The discriminative power of each edge (edgewise contribution) was measured by the average frequency with which this edge was selected across all iterations. As the results of the edgewise contribution in the three datasets are similar (two-tailed paired t tests on the three pairs of the datasets, $p=1$), we only show the contribution analysis based on Dataset II in Figure 4A. Approximately 69% of the edges with a high contribution to identification were intranetwork connections. Approximately 38 and 50% of the high contributive edges were linked to the dorsal attention network and visual network, respectively, which suggests they possess high intersubject variability and play an important role in the infant brain functional fingerprint.

Figure 4.

Factors affecting identification accuracy. A, Contributive edges for identification. The circle map shows the most contributive edges to identification, where the whole edge set was thresholded at the 99.9th percentile for better visualization. The 602 nodes in the whole brain are grouped into seven networks in the left (L) and right (R) hemisphere, respectively. The color (purple) in the colored matrix (bottom) shows the summed normalized contribution within and between networks. B, Identification with shorter time duration. We performed identification with a truncated rs-fMRI run, where $\left\{\frac{4}{5},\frac{3}{5},\frac{2}{5},\frac{1}{5},\frac{1}{6}\right\}$ time points with the same starting point were used to compute connectivity matrices; different curves in the figures show the identification performance obtained from three different datasets (Datasets I–III). C, Effect of parcellation scheme. We calculated the connectivity profiles of the scans based on 360-node and 68-node cortical parcellation maps and compared the identification performance of different parcellation schemes. D, Identification with two-base set including two longitudinal connectivity matrices as the base set or two-target set including two longitudinal connectivity matrices as the target set. The box plots show the performance of identification with the two-base set, two-target set, and single matrix on the three datasets (i.e., MM-Dataset I, MM-Dataset II, and MM-Dataset III) generated from 57 subjects with >2 longitudinal scans. The error bar is the SD of identification rates.
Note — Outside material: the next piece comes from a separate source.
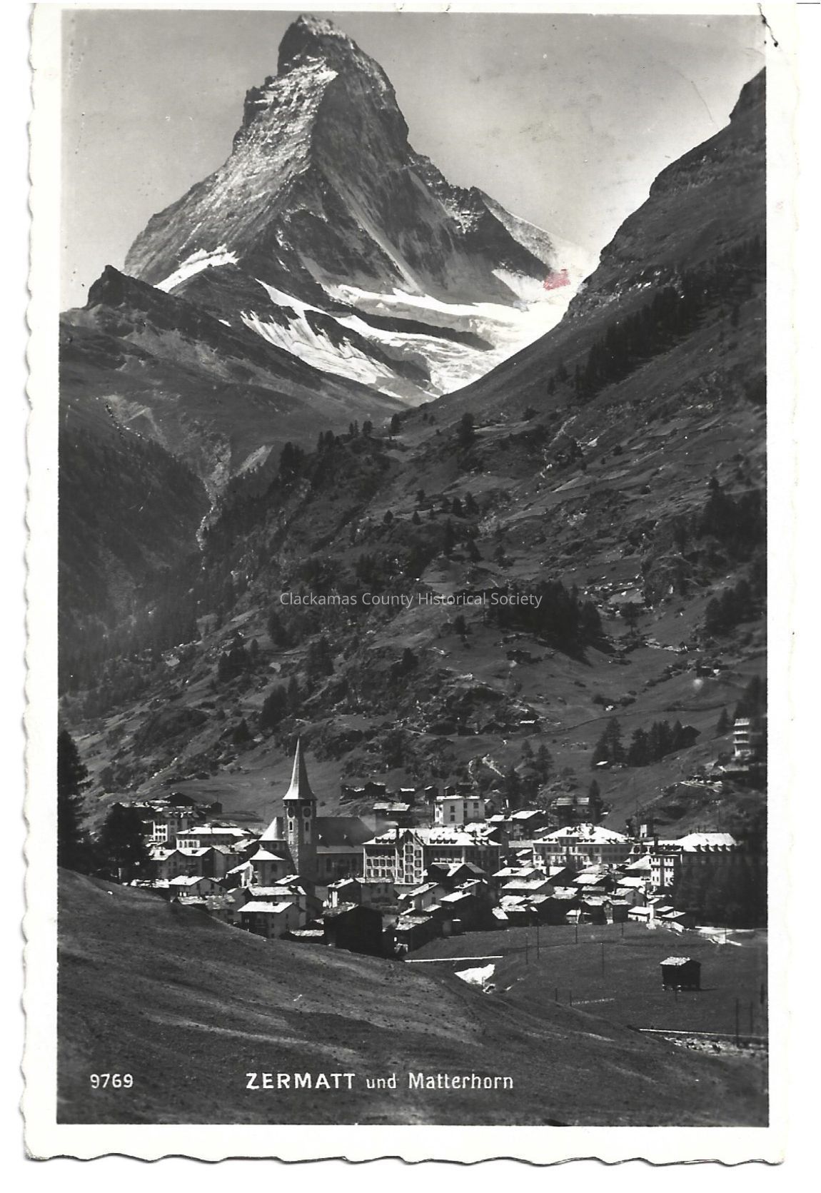 Photograph of Zermatt and Matterhorn on front. Ruffled edges of document.

Identification with shorter time duration

We next evaluated the distinguishability of the functional connectome fingerprint associated with the rs-fMRI BOLD signal acquisition duration. The identification rates obtained by the truncated rs-fMRI run with $\left\{\frac{4}{5},\frac{3}{5},\frac{2}{5},\frac{1}{5},\frac{1}{6}\right\}\times 420$ time points were investigated. We observed that although longer time series tend to improve identification accuracy, shorter time courses with more than ∼250 time points were able to relatively preserve the identification capability in connectivity profiles (Fig. 4B), and the identification performance degraded sharply with fewer than ∼70 time points. The number of time points at which the identification accuracy decreases was consistent across the three datasets (I–III). Thus, during infancy, the minimal rs-fMRI acquisition duration required for accurate identification is not affected by the distribution of session gap and subject age.

Identification with coarser parcellation of brain

As shown in Figure 4C, the identification rates using the 360-node atlas were 50.43 $\pm$ 1.10% (Dataset I), 65.29 $\pm$ 0.53% (Dataset II), and 42.69 $\pm$ 1.18% (Dataset III) based on a base-target pair of session 1-session 2 and 59.33 $\pm$ 0.83% (Dataset I), 73.08 $\pm$ 0.54% (Dataset II), and 57.36 $\pm$ 0.72% (Dataset III) of the reverse session 2-session 1. The identification rates using the 68-node atlas were 23.08 $\pm$ 0.00% (Dataset I), 32.69 $\pm$ 0.00% (Dataset II), and 17.31 $\pm$ 0.00% (Dataset III) based on a base-target pair of session 1-session 2 and 25.00 $\pm$ 0.00% (Dataset I), 27.88 $\pm$ 0.00% (Dataset II), and 12.50 $\pm$ 0.00% (Dataset III) of the reverse session 2-session 1. Compared with our 602-node fine-grained infant-dedicated cortical functional parcellation map, the identification rates with low-resolution parcellation were obviously reduced.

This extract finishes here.